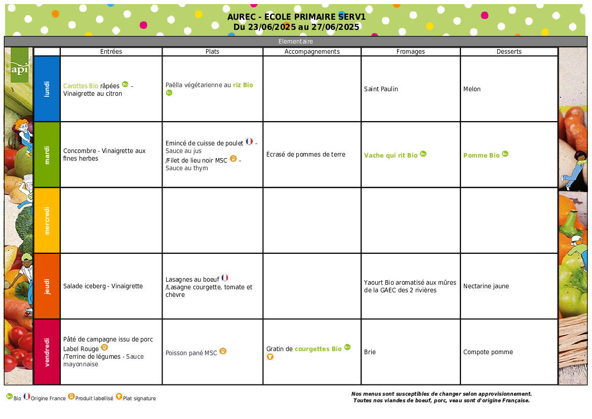Menus du 29 septembre 2025 au 03 octobre 2025
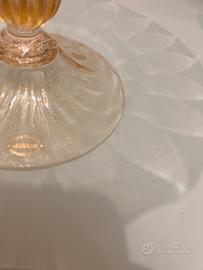 Centrotavola in vetro soffiato di Murano, caratterizzato da un colore ambrato e lavorazione a coste e con inclusioni d'oro.
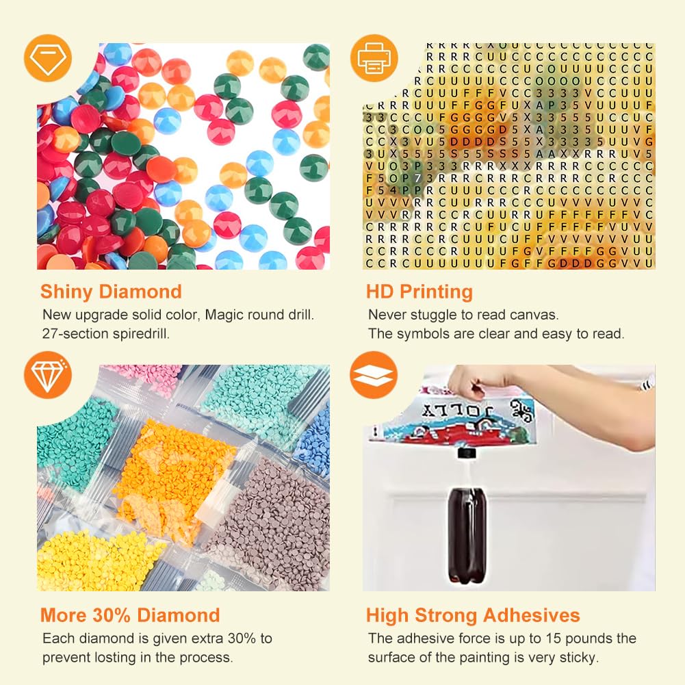 - HIGH-QUALITY MATERIAL - Waterproof canvas and non-fading drills make the finished project to keep for more than 20 years. Perfect to decorate your living room, bedroom, kitchen, or anywhere you want to match different decoration style.And it is a perfect gift for birthday and festivals
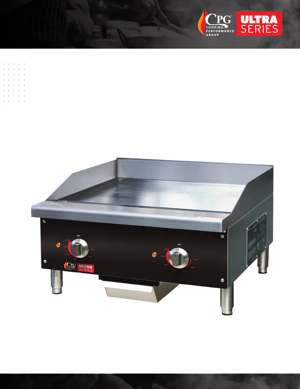 If the indicator light on your CPG Griddle isn't turning on, there may be no power, the thermostat may be off, or the thermostat may have failed. Check the power and make sure the thermostat is set to the desired temperature.

■ Work item: The output has to match the data above line for line, except that pictures are dropped.

■ Finished exercise:
Menus du 29 septembre 2025 au 03 octobre 2025
 Centrotavola in vetro soffiato di Murano, caratterizzato da un colore ambrato e lavorazione a coste e con inclusioni d'oro.
 - HIGH-QUALITY MATERIAL - Waterproof canvas and non-fading drills make the finished project to keep for more than 20 years. Perfect to decorate your living room, bedroom, kitchen, or anywhere you want to match different decoration style.And it is a perfect gift for birthday and festivals
 If the indicator light on your CPG Griddle isn't turning on, there may be no power, the thermostat may be off, or the thermostat may have failed. Check the power and make sure the thermostat is set to the desired temperature.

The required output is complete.